また、その家賃収入をもらうためには、どうしたらいいのでしょうか。
この記事では、遺産からの家賃収入は誰のものなのかについて、日野市・八王子市・立川市で相続手続き・遺言作成サポートをしている行政書士法人ストレートが解説します。
家賃収入は誰のものになるのか?
遺産から生じた家賃収入は、本来の遺産とは別の共有財産と考えられています。
遺産でないということは、遺産分割協議で解決できないのでしょうか?
相続における家賃収入の考え方を説明していきましょう。
遺産からの家賃収入の取り扱い
相続人が複数人いる場合、相続開始から遺産分割までの間、遺産は相続人全員が共有するものとされます。
この間に発生した家賃収入は、本来の遺産とは別の共有財産とされているので、遺産分割協議で話し合うことができない、というのが建前です。
しかし、相続人全員の合意があれば、遺産分割の対象に加えて協議することが可能です。
過去の裁判例(最高裁平成17年9月8日)を要約すると、
相続人全員はその相続分に応じて確定的に家賃収入を取得するのが相当であり、相続人全員が相続分に応じて取得した家賃収入は、後にされた遺産分割の影響を受けないものというべきだ
とされています。
所有権の帰属の問題について
先ほど紹介したの裁判例(最高裁平成17年9月8日)の「後にされた遺産分割の影響を受けない」とはどういうことでしょうか?
民法では、遺産分割が成立すると、所有権の帰属(誰のものになるか)は相続開始時にさかのぼってその効力を生ずるものと定めています。
しかし、その通りにするとアパートを相続した人は父の死亡後、直ちに収益不動産を所有していたことになり、家賃収入を相続人全員で共有している期間がなかったことになってしまいます。

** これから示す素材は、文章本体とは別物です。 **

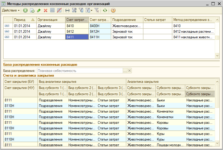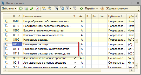 1. Счета учета для отражения косвенных расходов в конфигурации 1С: Бухгалтерия сельскохозяйственного предприятия для Казахстана
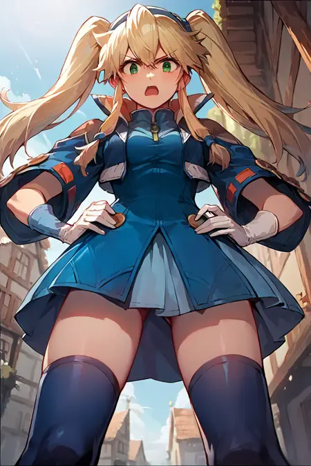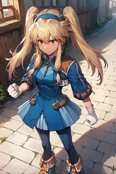 klarissa3, blue_jacket, pleated_skirt, blue_thighhighs,white_gloves, shoes,hairband,ribbon, blonde_hair, twintails, low-tied_sidelocks,
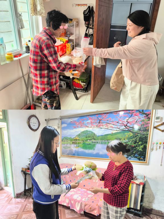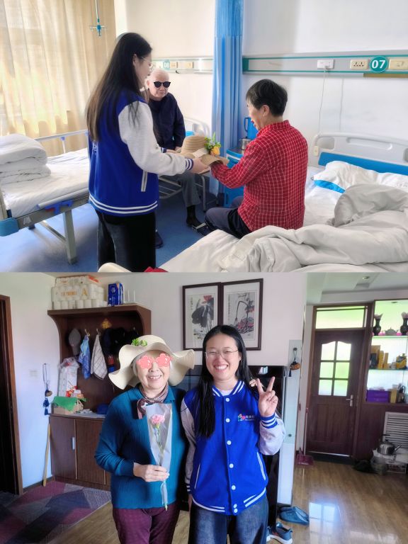 入户访组员,访出归属感。为让每位服务对象都能感受到浓浓的节日氛围,现场活动结束后,社工专程前往未到场的阿姨家中进行入户走访,在卉阿姨(化名)家,社工运用会谈技巧深入了解她当前的生活现状、精神状态,阿姨表示很感动“感谢政府时刻记挂着我们这些群体”。兰阿姨(化名)两口因腿疼入院疗养,社工前往病房进行探望,倾听了她在生活、情感寄托等方面的问题,社工鼓励她要树立健康快乐的生活信念,并将带有节日祝福的鲜花和草帽交到阿姨手中。
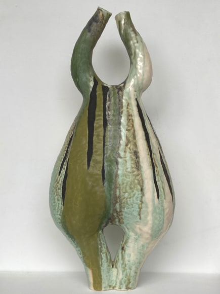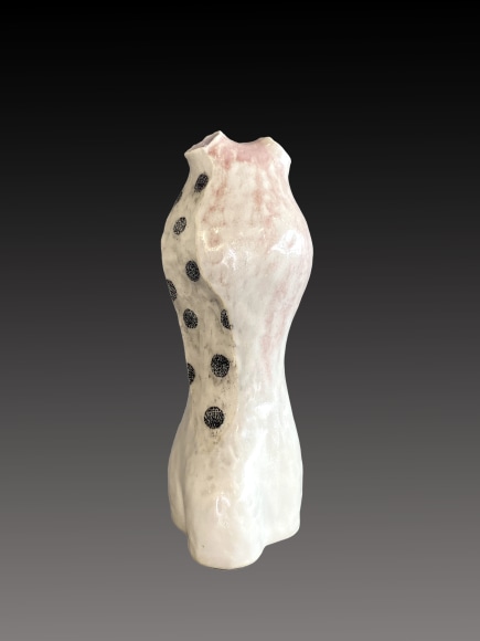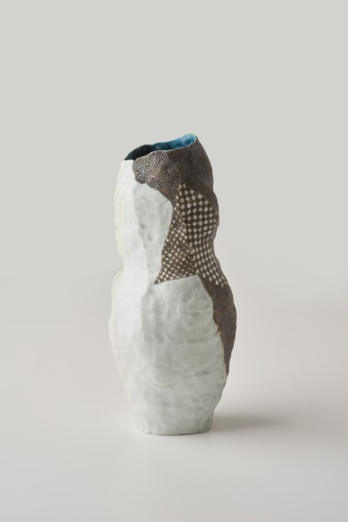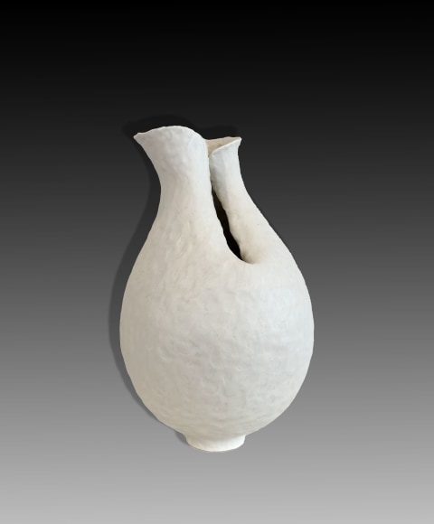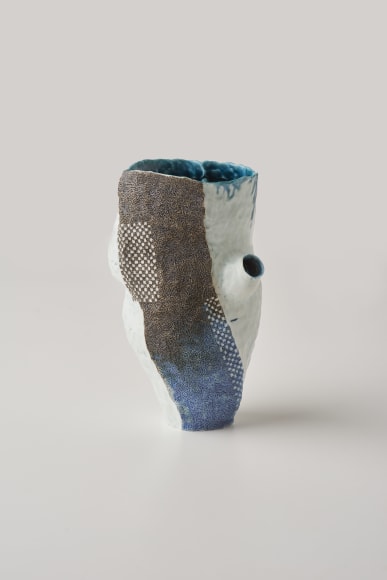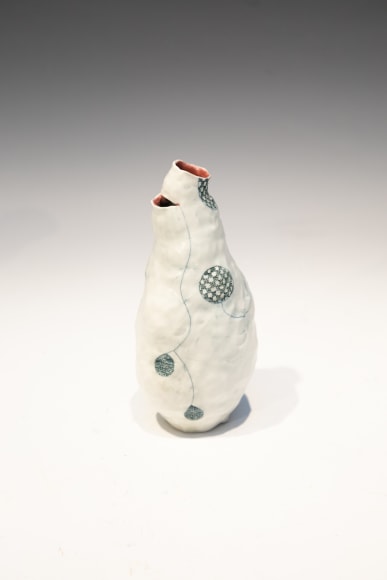 Clay excites me for its immediate and direct response to touch as I coil and pinch layers of porcelain to create vessels imbued with the intimacy of a finger-marked surface. The shapes of the ceramic vessels I produce are determined by the bases I create for them and how I alter their forms by pushing the walls from inside and out. I encourage the objects to morph and change as I create them, developing a language of improvisation through whimsy. The curves and twists of the vessels invoke sensuality that is spontaneous and in the spirit of the making. I am interested in touch both locally in the mark of the fingerprint and at distance in how these pieces relate to each other.
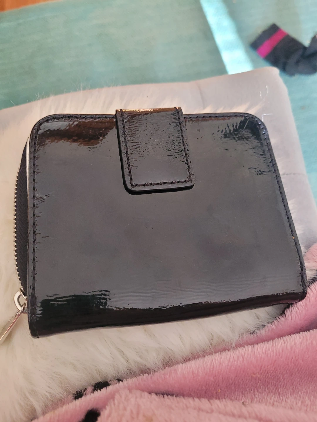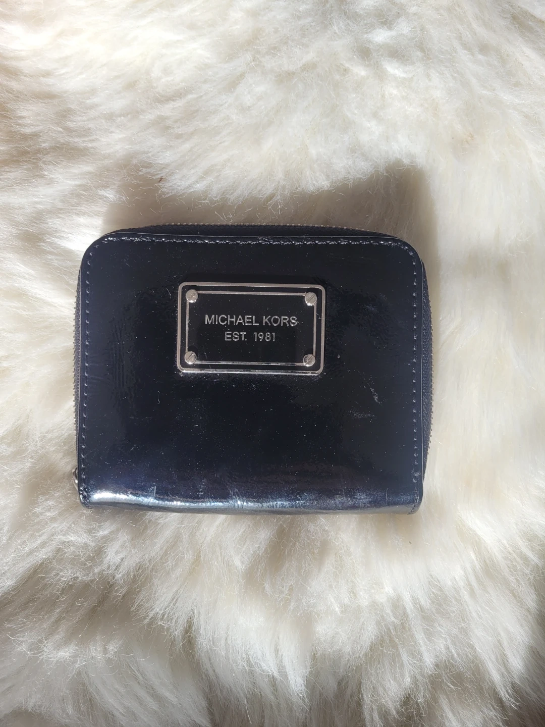 This Michael Kors wallet is black with a patent leather finish. It features a zip-around closure and multiple interior compartments for your cards and cash. The interior lining has the signature MK logo pattern. This wallet is a compact size for everyday use.
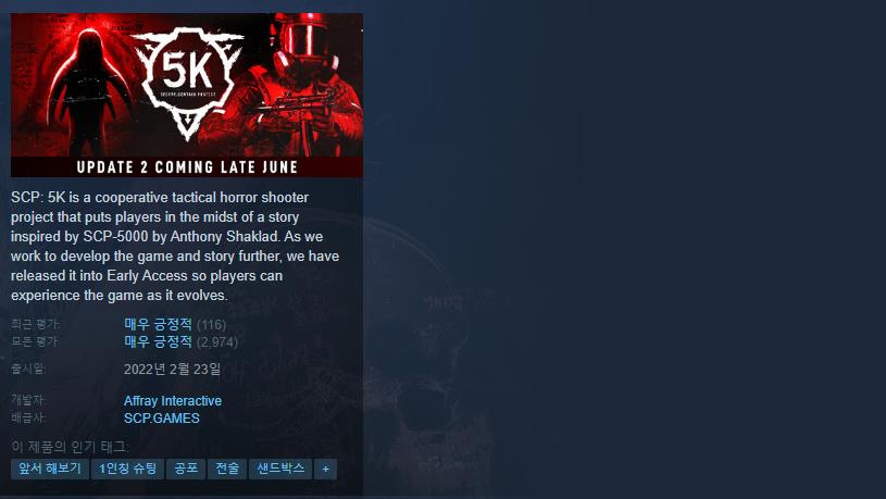 👮🏻‍♀️ 스팀 SCP 5K 페이지 바로가기
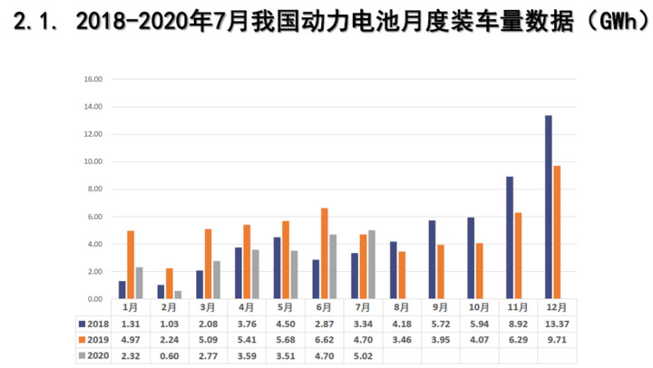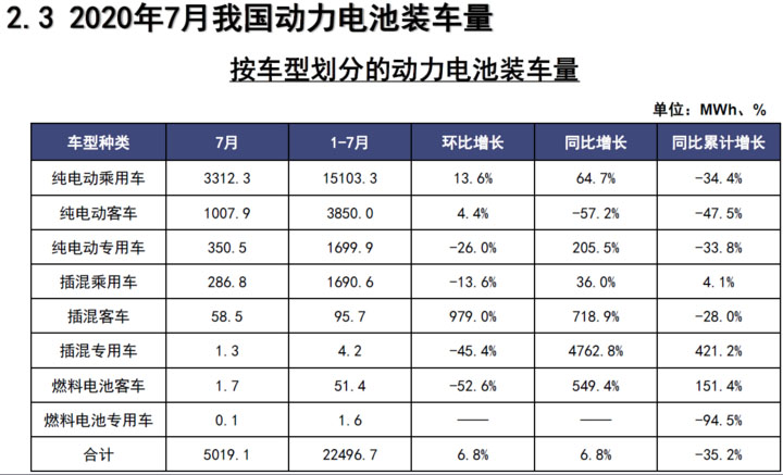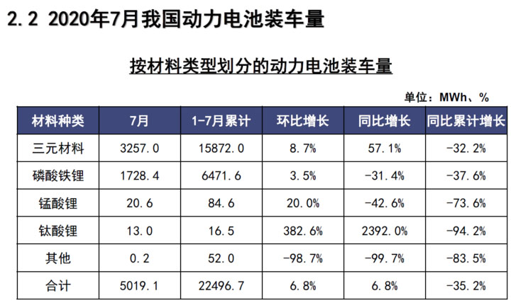 裝車量來看,2020年7月,我國動(dòng)力電池裝車量5GWh,同環(huán)比均上升6.8%。其中三元電池共計(jì)裝車量3.3GWh,同比上升57.1%,環(huán)比上升8.7%;磷酸鐵鋰電池共計(jì)裝車量1.7GWh,同比下降31.4%,環(huán)比增長3.5%。
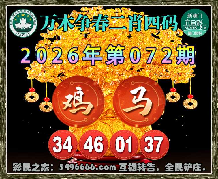 072期:【万木争春】 🤘二肖四码🤘【马】【34.46.01.37】开:鸡46
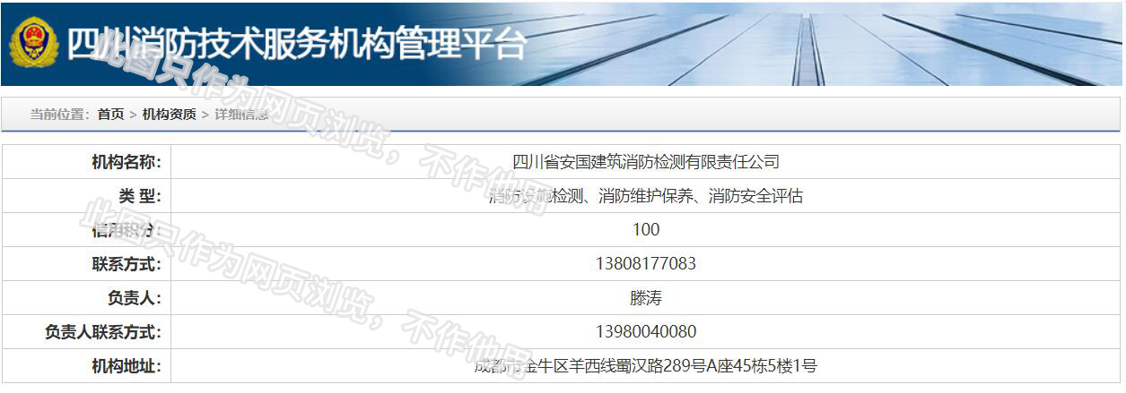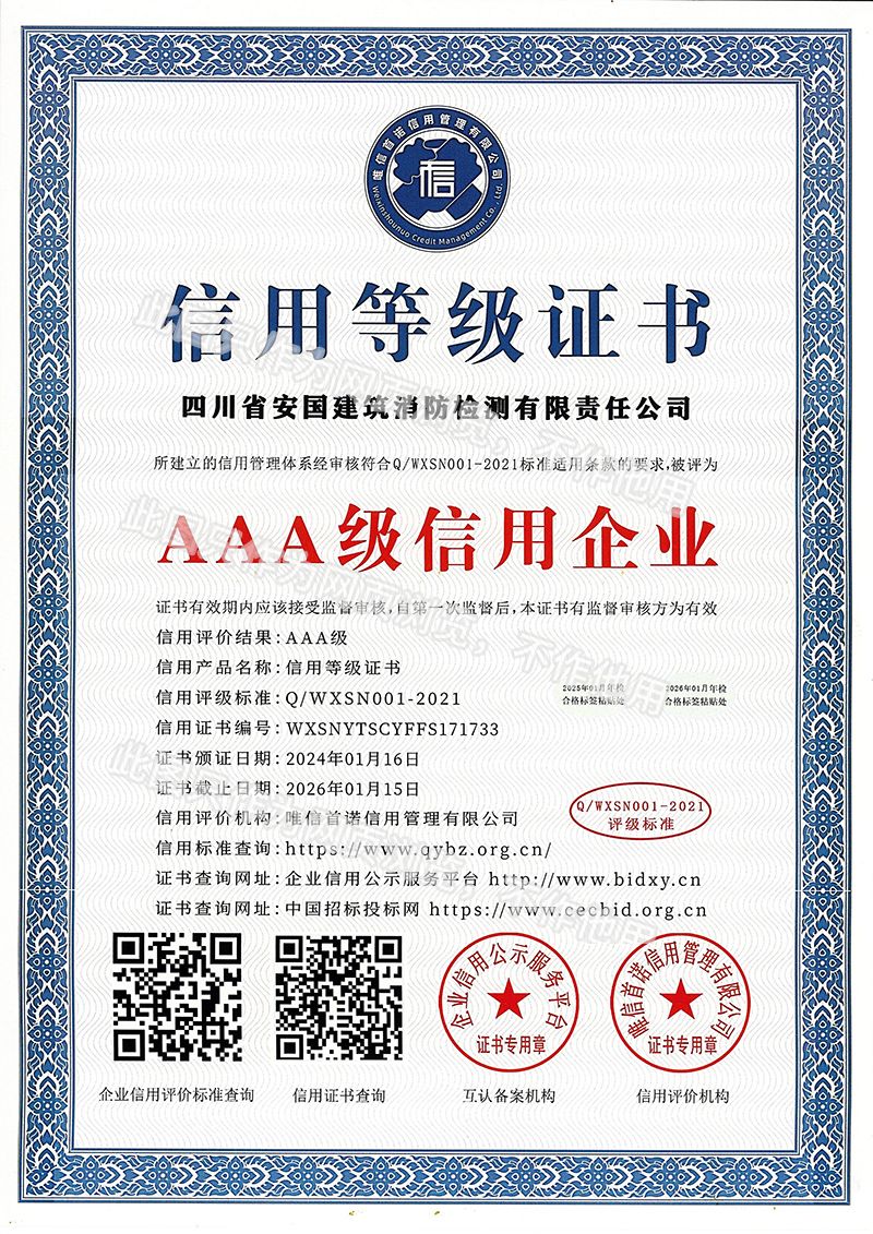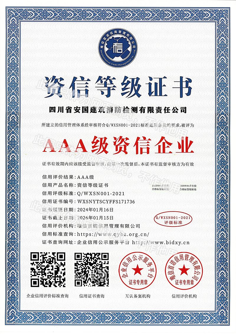 四川省安國建筑消防檢測(cè)有限責(zé)任公司,成立于1998年,經(jīng)四川省公安消防總隊(duì)批準(zhǔn),工商部門注冊(cè)的獨(dú)立法人單位。 公司具有建筑消防設(shè)施檢測(cè)、電氣防火安全檢測(cè)、維修、保養(yǎng)及技術(shù)咨詢一級(jí)資質(zhì)的中介技術(shù)服務(wù)機(jī)構(gòu),獲得CMA計(jì)量認(rèn)證。主要業(yè)務(wù)范圍是:接受建設(shè)單位或有關(guān)單位委托,承擔(dān)新建、改建、擴(kuò)建建筑自動(dòng)消防設(shè)施技術(shù)檢測(cè)、電氣防火安全檢測(cè)、以及承接建筑消防設(shè)施維護(hù)保養(yǎng),對(duì)已交付使用的建設(shè)消防設(shè)施的運(yùn)行情況進(jìn)行運(yùn)行檢測(cè),開展建筑消防設(shè)施的消防安全技術(shù)咨詢。公司設(shè)辦公室、總工辦、財(cái)務(wù)部、檢測(cè)部、維保部等職能機(jī)構(gòu),擁有一
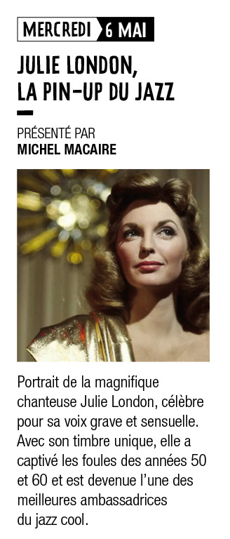 même conférence sur Julie London le mardi 5 mai 2026 Au THEATRE de Verre à Châteaubriant A 19H15 –
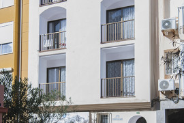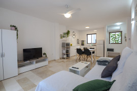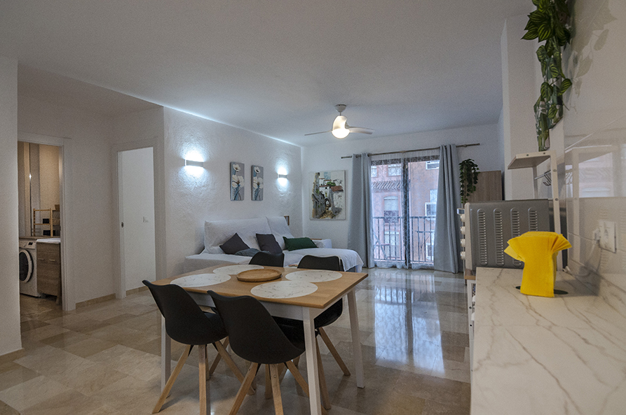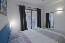 Ljus modern lägenhet med ett sovrum och fransk balkong

「後にされた遺産分割の影響を受けない」としたのは、所有権の帰属の問題に対する判断ということです。
したがって、相続開始から遺産分割までの間に、相続人全員で相続分に応じて取得していた家賃は、アパートを相続した人に返す必要はないということになります。
訴訟をする場合は
家賃収入請求訴訟の法的構成としては、家賃の横領行為があったとして不法行為を原因とする損害賠償請求の他、不当利得として返還請求することも可能です。
損害または利得の算出にあたって、アパート経営の経費(公租公課・共用部分の電気料金・修繕費等)を考慮する必要があります。
遺産からの家賃収入は誰のものなのかに関するまとめ
- 家賃収入は遺産とは別の共有財産とされているが、相続人全員の合意があれば遺産分割の対象に加えて協議することができる
- 相続開始から遺産分割されるまでの間の家賃収入は相続分に応じて各相続人に分けられるので、保管者が応じない場合は裁判にて請求する
以上、遺産からの家賃収入は誰のものなのかについて解説しました。